Кое-где из открытых окон рабочих домов свешиваются лохмотья выстиранного белья. Почти все обитатели этих жилищ стоят сейчас у станков, и только несколько бледных женщин с впалой грудью приветствуют пастора:
— Слава Иисусу Христу!
— Во веки веков!.. — отвечает тщедушный старичок, приподнимая свою много лет прослужившую панаму.
Но тут бричка свернула влево, лошадь весело замотала головой и рысью влетела во двор. Тотчас явился конюх, вытер нос рукавом и помог его преподобию сойти.
— Дома хозяин? — спросил Бёме.
— На фабрике. Сейчас доложу, что ваша милость пожаловали.
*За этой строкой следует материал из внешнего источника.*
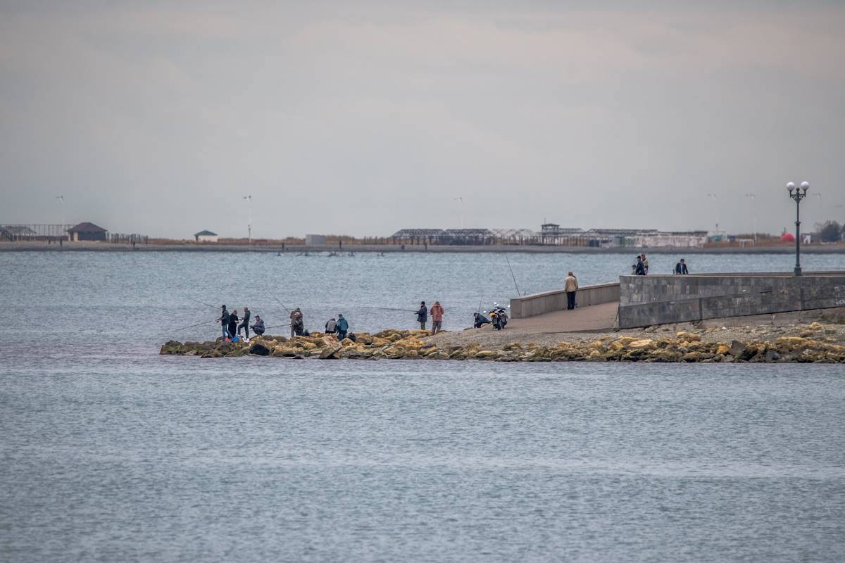 На опубликованных им фотографиях люди ловят рыбу на удочки с западного мола у морского вокзала. Рыбаки выстроились по всей длине узкой пристани — до самого маяка.
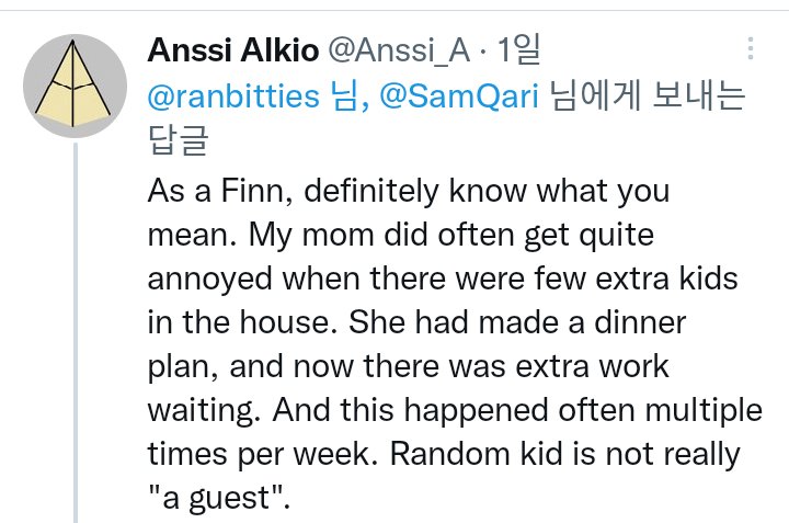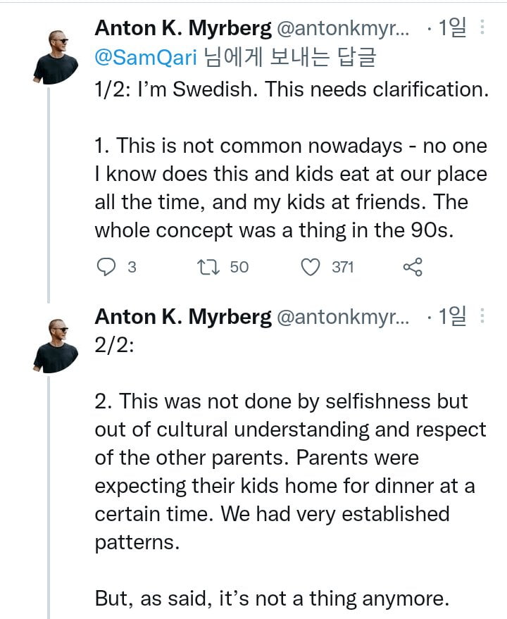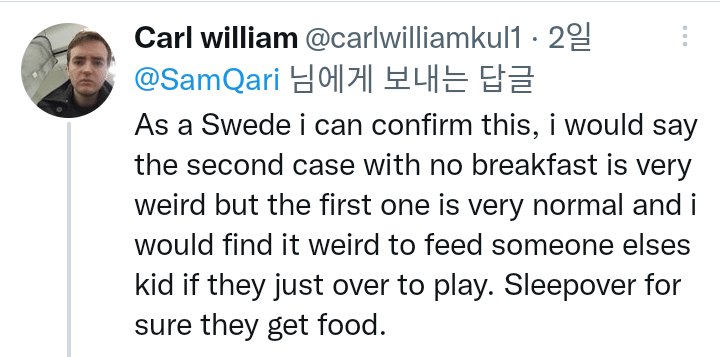 스웨덴인으로서 2번째의 아침 안주는건 굉장히 이상하지만 첫번째는 평범한 일이지. 애들이 그냥 와서 노는건데 다른가족 애한테 밥먹이는건 이상한거야. 자고가는건 당연히 먹여야하지만.

Пастор поднялся на крыльцо, где уже ждал лакей, чтобы снять с него дорожный плащ. Теперь все могли увидеть длинный сюртук духовной особы и короткие ноги, по сравнению с которыми нос, украшавший увядшее доброе лицо, казался великоватым. Его преподобие снова сложил руки на животе и завертел двумя пальцами. Он вспомнил, что приехал сюда, чтобы сперва нанести рану отцовскому сердцу, а потом исцелить его по заранее обдуманному плану, делившемуся согласно правилам риторики на три части. Первая, подготовительная, должна была коснуться в общих чертах неисповедимых путей господних, ведущих человека по терниям житейским к вечному счастью. Во второй надлежало сказать, что юный Фердинанд Адлер не может вернуться из-за границы в лоно семьи до тех пор, пока не будут удовлетворены его кредиторы на такую-то сумму. (Здесь должен произойти взрыв отцовского гнева и перечисление Адлером всех проступков, совершенных его сыном.) Но в ту минуту, когда разгневанный фабрикант хлопчатобумажных тканей захочет отречься от недостойного сына, лишить его наследства и проклясть, последует третья часть пасторской миссии — примирительная. Бёме хотел напомнить историю блудного сына, намекнуть, что друг его плохо воспитал своего наследника и что грех этот он должен безропотно искупить перед господом богом, вручив кредиторам Фердинанда требуемую ими сумму.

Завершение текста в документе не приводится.